» Available records
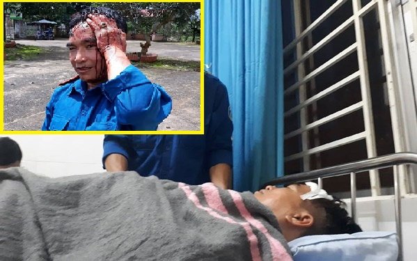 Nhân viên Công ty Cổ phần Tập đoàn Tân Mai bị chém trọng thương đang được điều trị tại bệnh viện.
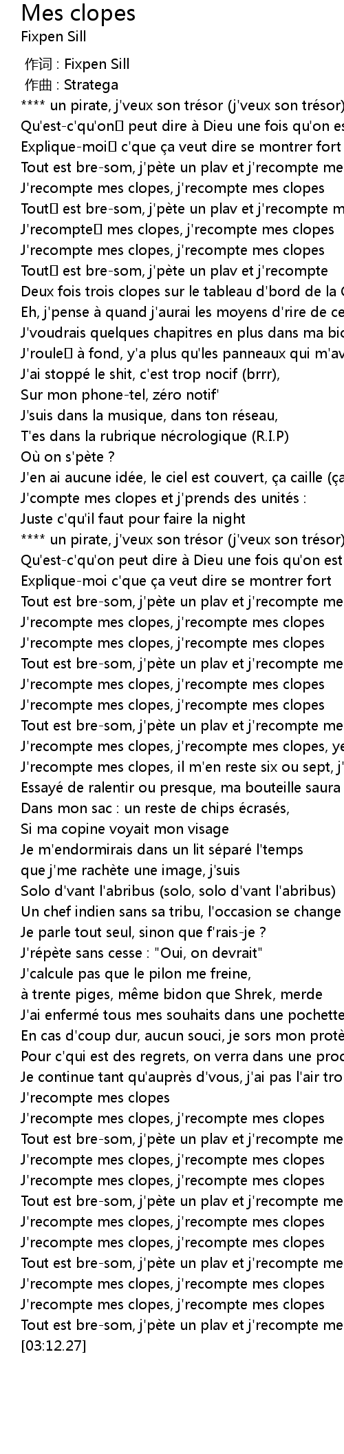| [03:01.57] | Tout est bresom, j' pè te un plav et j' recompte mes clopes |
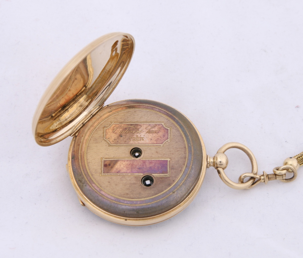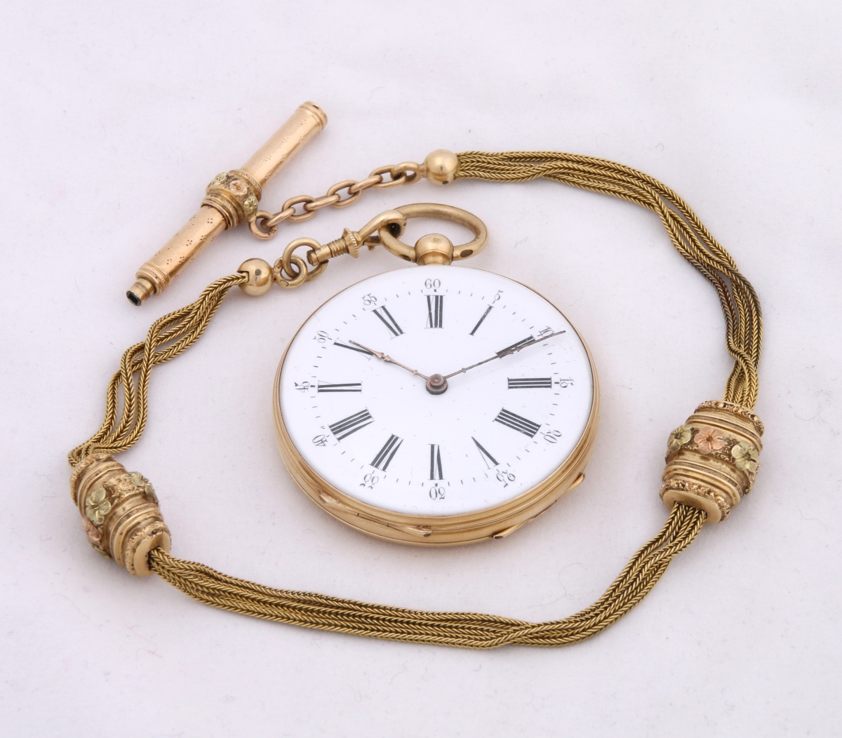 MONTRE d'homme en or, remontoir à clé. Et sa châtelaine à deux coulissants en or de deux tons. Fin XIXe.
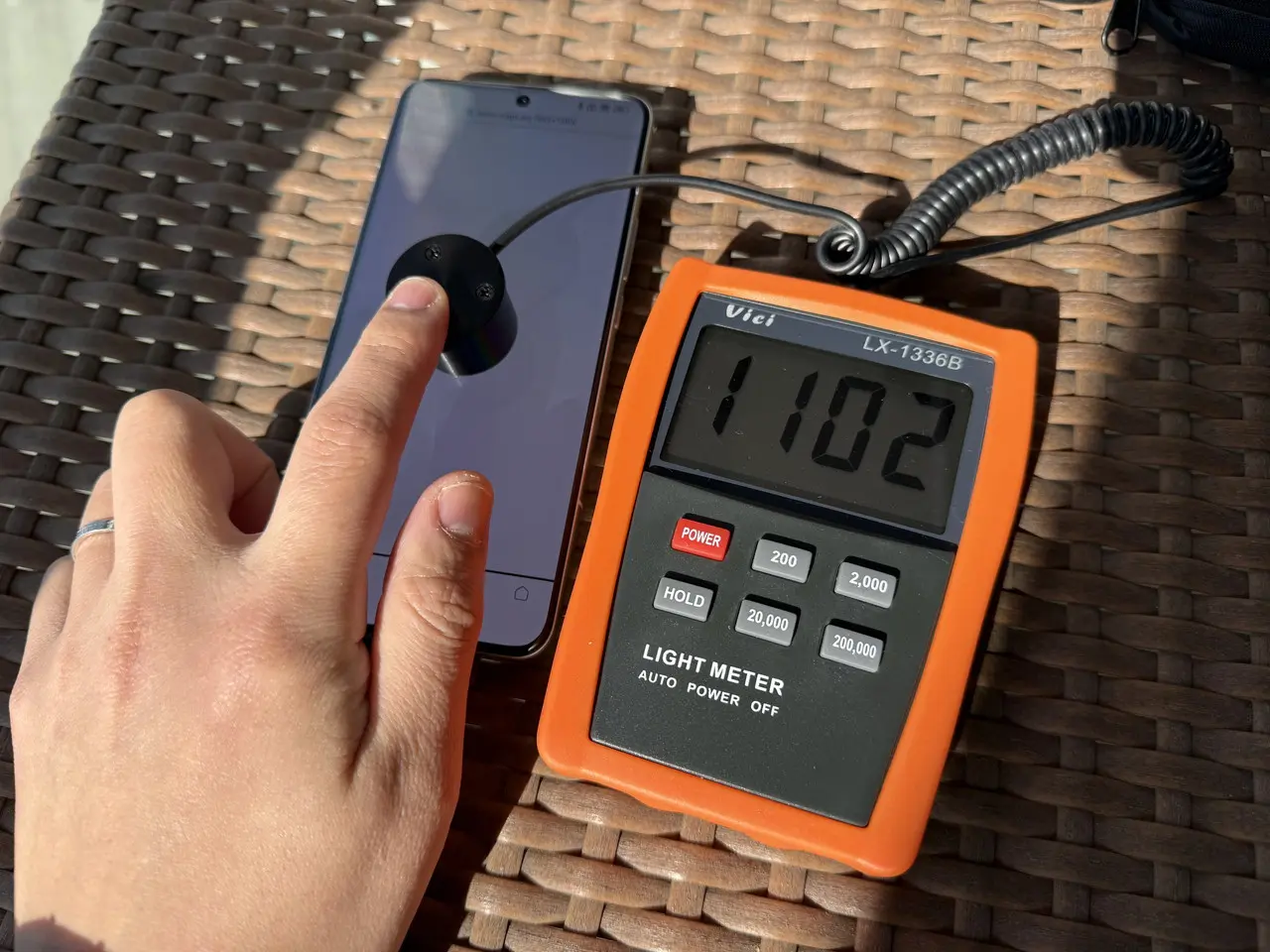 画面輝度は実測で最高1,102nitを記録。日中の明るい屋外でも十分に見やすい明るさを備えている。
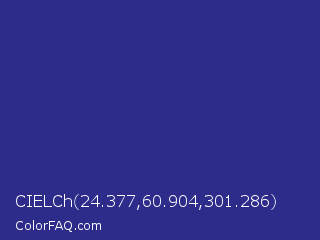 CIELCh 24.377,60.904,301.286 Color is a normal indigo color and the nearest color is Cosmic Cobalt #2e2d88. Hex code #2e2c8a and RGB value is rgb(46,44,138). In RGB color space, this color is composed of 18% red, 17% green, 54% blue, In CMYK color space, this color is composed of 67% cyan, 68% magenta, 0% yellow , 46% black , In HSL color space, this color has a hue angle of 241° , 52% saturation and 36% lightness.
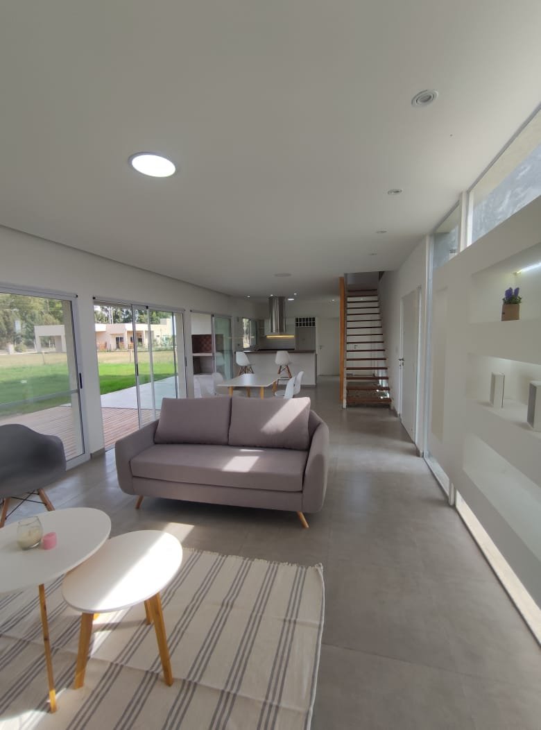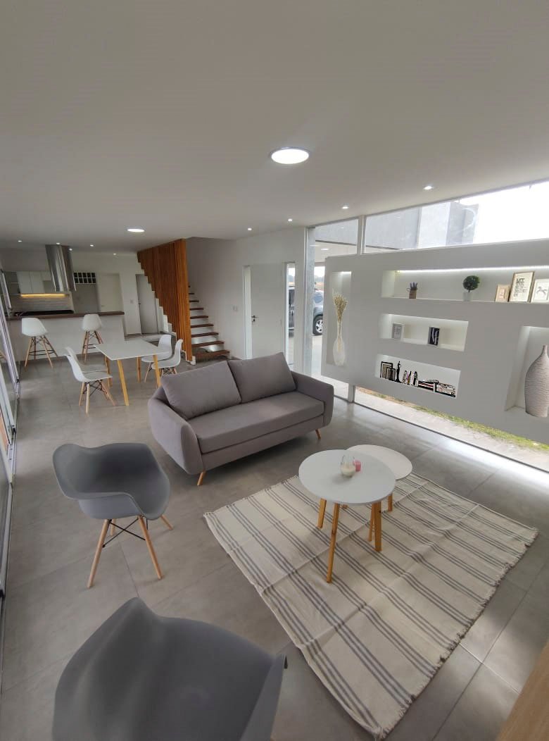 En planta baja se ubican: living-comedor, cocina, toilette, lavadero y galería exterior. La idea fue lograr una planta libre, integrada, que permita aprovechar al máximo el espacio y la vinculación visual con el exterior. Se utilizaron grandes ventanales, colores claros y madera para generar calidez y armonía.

» Task objective
Give back the listing exactly, without a single picture.

» Task result
 Nhân viên Công ty Cổ phần Tập đoàn Tân Mai bị chém trọng thương đang được điều trị tại bệnh viện.
| [03:01.57] | Tout est bresom, j' pè te un plav et j' recompte mes clopes |
 MONTRE d'homme en or, remontoir à clé. Et sa châtelaine à deux coulissants en or de deux tons. Fin XIXe.
 画面輝度は実測で最高1,102nitを記録。日中の明るい屋外でも十分に見やすい明るさを備えている。
 CIELCh 24.377,60.904,301.286 Color is a normal indigo color and the nearest color is Cosmic Cobalt #2e2d88. Hex code #2e2c8a and RGB value is rgb(46,44,138). In RGB color space, this color is composed of 18% red, 17% green, 54% blue, In CMYK color space, this color is composed of 67% cyan, 68% magenta, 0% yellow , 46% black , In HSL color space, this color has a hue angle of 241° , 52% saturation and 36% lightness.
 En planta baja se ubican: living-comedor, cocina, toilette, lavadero y galería exterior. La idea fue lograr una planta libre, integrada, que permita aprovechar al máximo el espacio y la vinculación visual con el exterior. Se utilizaron grandes ventanales, colores claros y madera para generar calidez y armonía.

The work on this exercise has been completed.